High performance Zn-doped Pd catalysts for PEM fuel cells via ultrasonic spray assisted interface reaction

In this study, palladium–zinc (PdZn) electrocatalysts with different Zn contents were synthesized by the ultrasonic spray (US) method and supported on activated carbon to evaluate the effectiveness of this approach for PEM fuel cells (PEMFCs). The results showed that Zn addition influenced the structural and electrochemical properties of the catalysts. The 3 wt.% Zn-doped catalyst exhibited the highest electrochemical surface area (19.1 m²/g_Pd), whereas higher Zn contents were associated with a decrease in this value.
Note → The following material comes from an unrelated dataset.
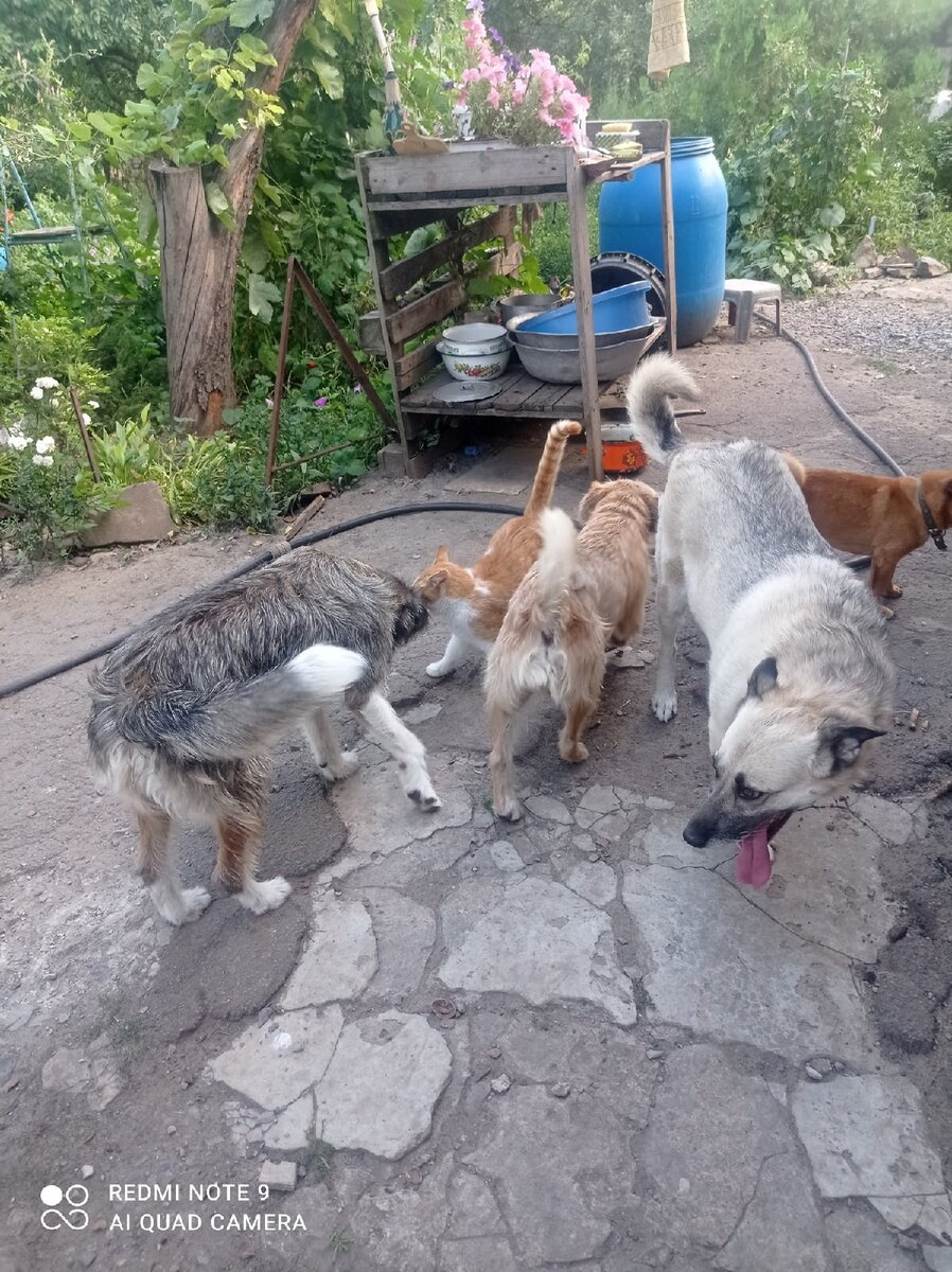 Лето - это жара, сейчас нет воды в сельском мини-приюте Ирины Стрижак, собственно как и везде вокруг. Животных и людей допекают мухи, комары. Но лето прекрасная и красивая пора еще!) Вы только посмотрите на фото хозяйки) Это и фрукты, ягоды, цветы, жаль им не хватает водички... Животным можно побегать, полежать в тенечке, поймать мышку, съесть травку, даже арбузик, и к, сожалению оно идет к исходу, такое жаркое, но прекрасное лето... Кажется и природа и животные, все заняты своими личными делами. Вот кошечка Люся у нас охотница знатная 🐭Добытчица 😁👍👍👍 Как красиво у Ирины, только вот жаль, в этом году из-за жары, мало цветов, да и собачки ломают часто их...((( Фото все шикарные. Справа большое растение, что-то типа ТУИ подметили друзья? И кто это утопает в зелени? Не узнали??) Это и есть туи, у волонтера их четыре, с семечки вырастила, им уже девять лет, а в зелени утопает Бублик))) Что-то он сильно солидно выглядит, прям крутая собак🤪А то, он Мальчика подсиживает, такой послушный

Crystallinity analysis revealed that 5 wt.% Zn provided the highest degree of crystallinity, while further Zn addition (10 wt.%) led to a reduction, indicating that excessive Zn may disturb the crystal order. Polarization and fuel cell performance tests confirmed that Zn content plays a decisive role in activity: the 3 wt.% Zn-doped catalyst achieved the highest power density of 69.96 mW/cm², while the 5 wt.% sample showed balanced performance due to its more ordered crystal structure. In contrast, excessive Zn loading promoted agglomeration and reduced catalytic performance. These findings demonstrate that the US method is effective for preparing PdZn/C nanocatalysts and that controlling Zn incorporation is important for stable and efficient PEMFCs operation.